The same goes for ‘une chanson du Portugal mythique’, where ‘mythique’ refers to ‘chanson’ and not to ‘Portugal’.

After appropriate anaphora resolution

Four consecutive ambiguous words


Translating the following sentence: ‘ce fait est unique’ is not as easy as it could seem at first glance. In effect, it is made up of four consecutive ambiguous words:

  • ‘ce’: ‘ssu (demonstrative pronoun, this) or ciò (it, relative pronoun)
  • ‘fait’: fattu (masculine singular noun, fact), fattu (past participe, done) or faci (does, third person singular of the verb to do at the present tense)
  • ‘est’: estu (masculine singular noun, east) or (is, third person singular of the verb to be at the present tense)
  • ‘unique’: unicu (masculine singular adjective, unique in English) or unica (feminine singular adjective, unique in English)

What are the conditions for a given endangered language to be a candidate for rule-based machine translation?

What are the conditions for a given endangered language to be a candidate for rule-based machine translation? For a given endangered language to be a candidate for rule-based machine translation, some requirements are in order. There is notably need for:

  • a dictionary: some specialized lexicons are useful too
  • a list of locutions and their translation: to be more accurate what is needed are noun locutions, adjective locutions, adverbial locutions, verbal locutions and their translations in other language.
  • a detailed grammar (in any language): ideally, the grammar should be very detailed, mentioning notably irregular verbs, noun plurals, etc. Subjonctive, conditional tenses must also be accurately described.
  • in addition, elision rules, euphony rules, should also be described.
  • most importantly: a description of the main variants of the language and their differences. This is needed to handle what we can call the ‘variant problem’ (we shall say a bit more about this later): as an effect of diversity, endangered languages are often polynomic and come with variants. But translation must be coherent and a mix of several variants is not acceptable as a translation.

Let us mention that endangered languages are commonly associated with another language, being in a diglossia relationship one with another. To take an example, Corsican language is associated with French. So we consider the French-Corsican pair, and what is relevant is a French-Corsican. If we consider the sardinian gallurese language (‘gaddhuresu’), the relevant pair is Italian-Gallurese. Other relevant pairs are:

  • Italian-Sassarese
  • Italian-Sicilian
  • Italian-Venetian

Solving fivefold ambiguity: translation for French ‘poste’

French word ‘poste’ has (at least) fivefold ambiguity.

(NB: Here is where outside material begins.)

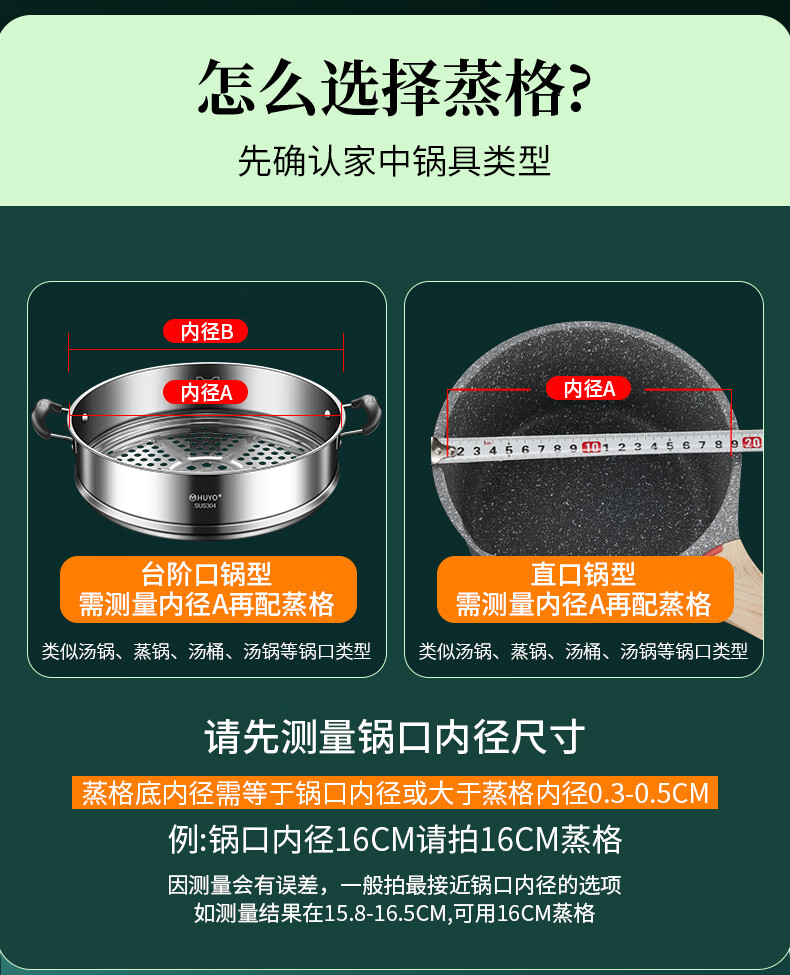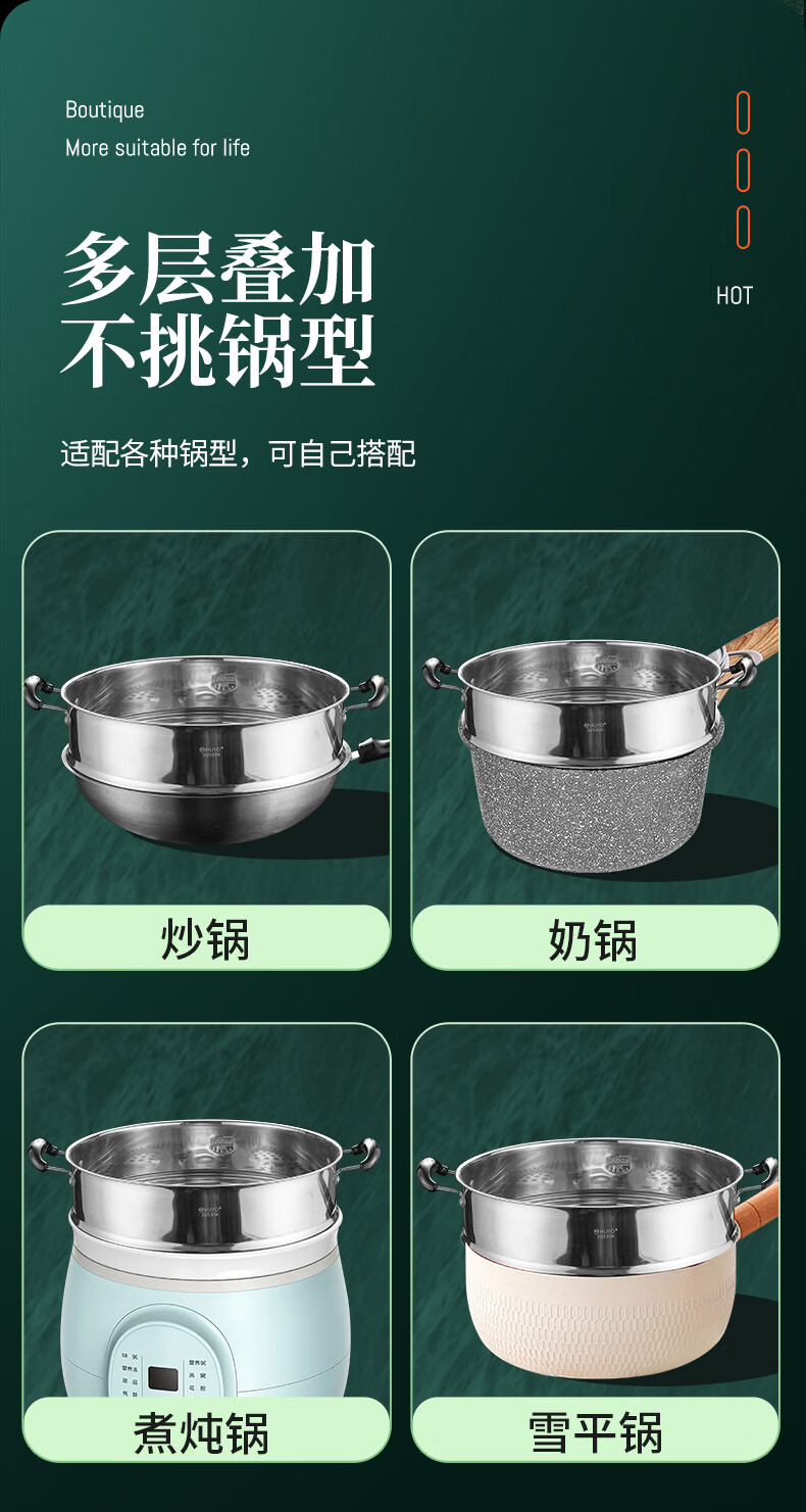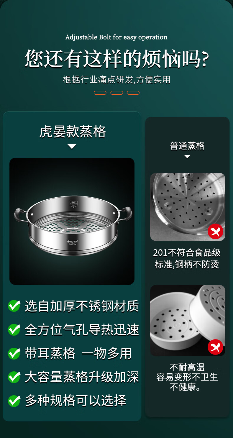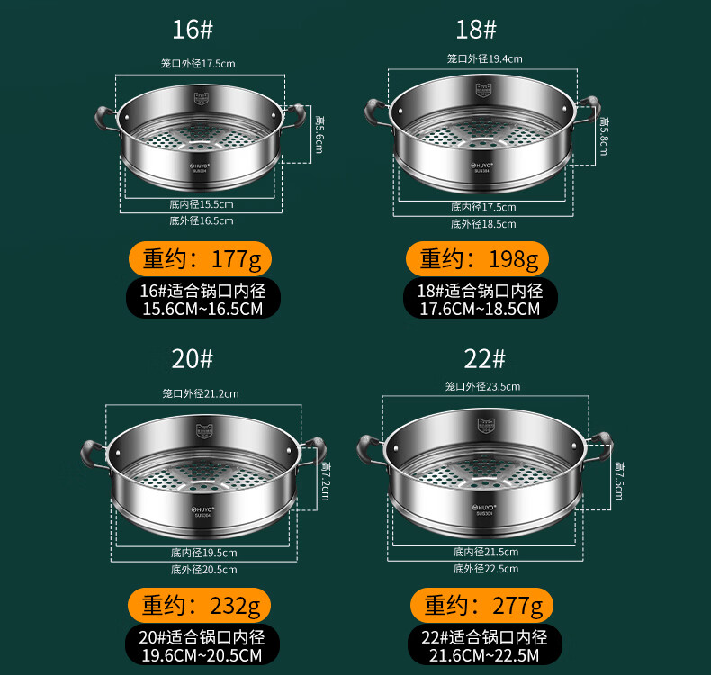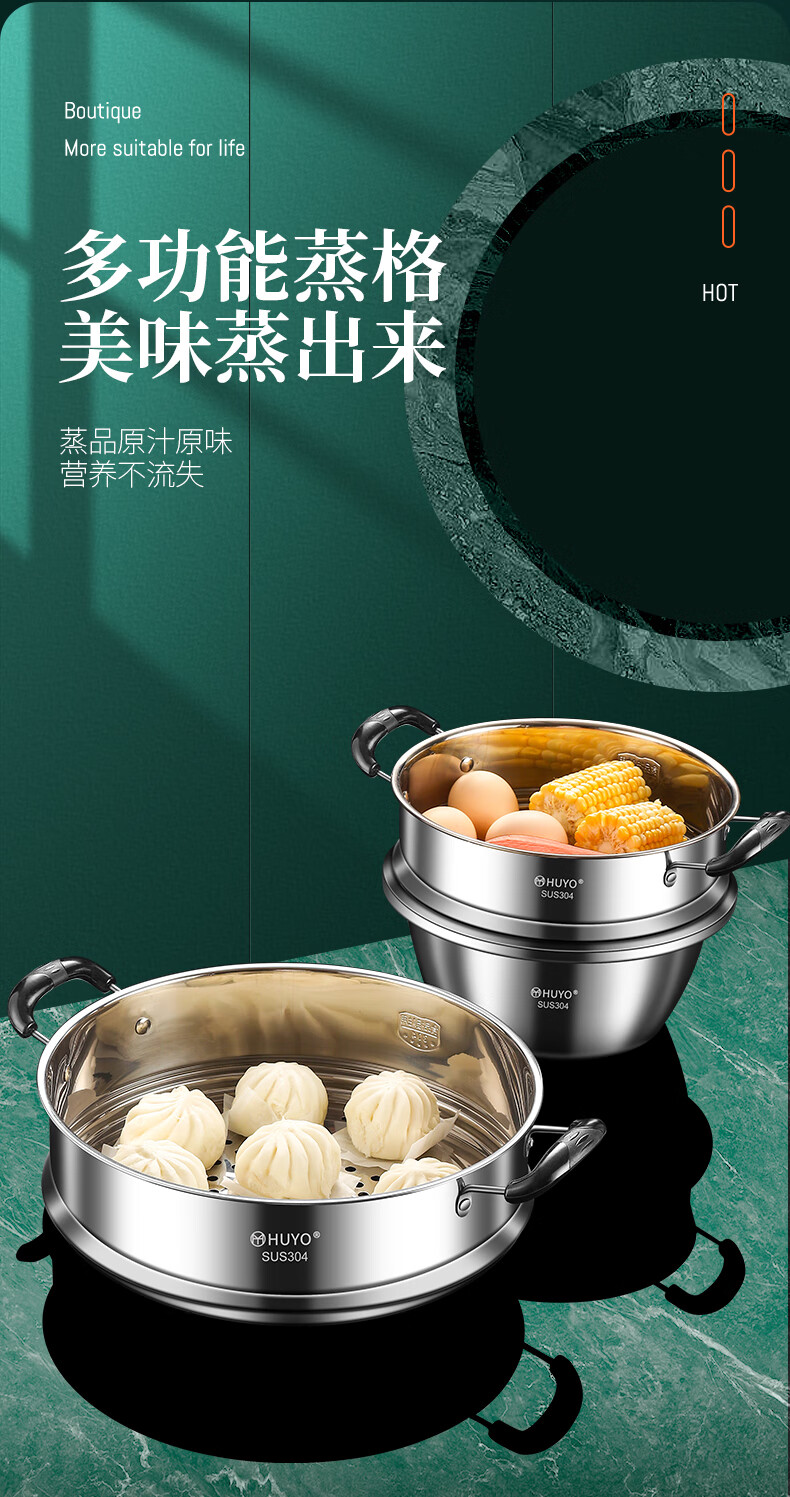 HUYO German 304 stainless steel steam grid household ear steamer rice cooker universal rack food grade wok thickened steamer steam grid suitable for pot inner diameter 25.6~26.5cm

For it can designate:

  • ‘poste’ (masculine singular noun) : postu, masculine singular noun (set, i.e. television set)
  • ‘poste’ (masculine singular noun): posta, feminine singular noun (position): erroneously translated as postu in the present case ; it should read a so posta
  • ‘poste’ (feminine singular noun) : posta, feminine singular noun (post office)
  • ‘poste’: impostu (from the verb impustà (‘poster’, to station o.s.) at singular first person)
  • ‘poste’: imposta (from the verb impustà (‘poster’, to station o.s.) at singular third person)

(However, it is more complex than that, since there is another sense of the verb ‘poster’ (to post/to mail).